=== Begin Enclosure ===

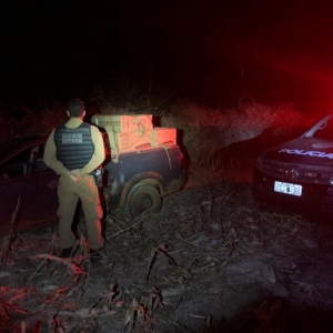 Na tentativa de abordagem dois dos veículos conseguiu empreender fuga, no entanto uma Montana de cor cinza tentou fuga através de uma plantação de milho recém colhida e caiu em um buraco vindo a quebrar o eixo dianteiro, o que impossibilitou a fuga.
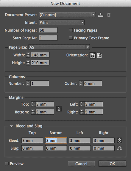 Add '3mm' in the top, bottom, left and right boxes here to add a border on your InDesign artwork 3mm outside the page edge to guide you where the bleed needs to extend to. For further information on bleed see the Bleed set up section.
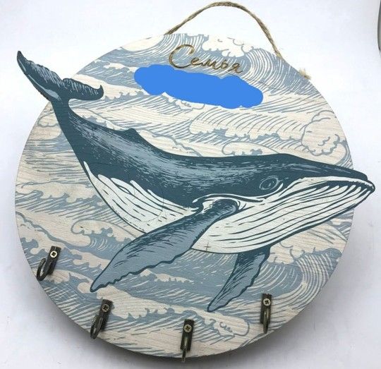 Handmade wooden whale Keychain holder.

=== End Enclosure ===

What the exercise asks -> Print the preceding material over again exactly. Please leave the pictures out.

Output for this task ->
 Na tentativa de abordagem dois dos veículos conseguiu empreender fuga, no entanto uma Montana de cor cinza tentou fuga através de uma plantação de milho recém colhida e caiu em um buraco vindo a quebrar o eixo dianteiro, o que impossibilitou a fuga.
 Add '3mm' in the top, bottom, left and right boxes here to add a border on your InDesign artwork 3mm outside the page edge to guide you where the bleed needs to extend to. For further information on bleed see the Bleed set up section.
 Handmade wooden whale Keychain holder.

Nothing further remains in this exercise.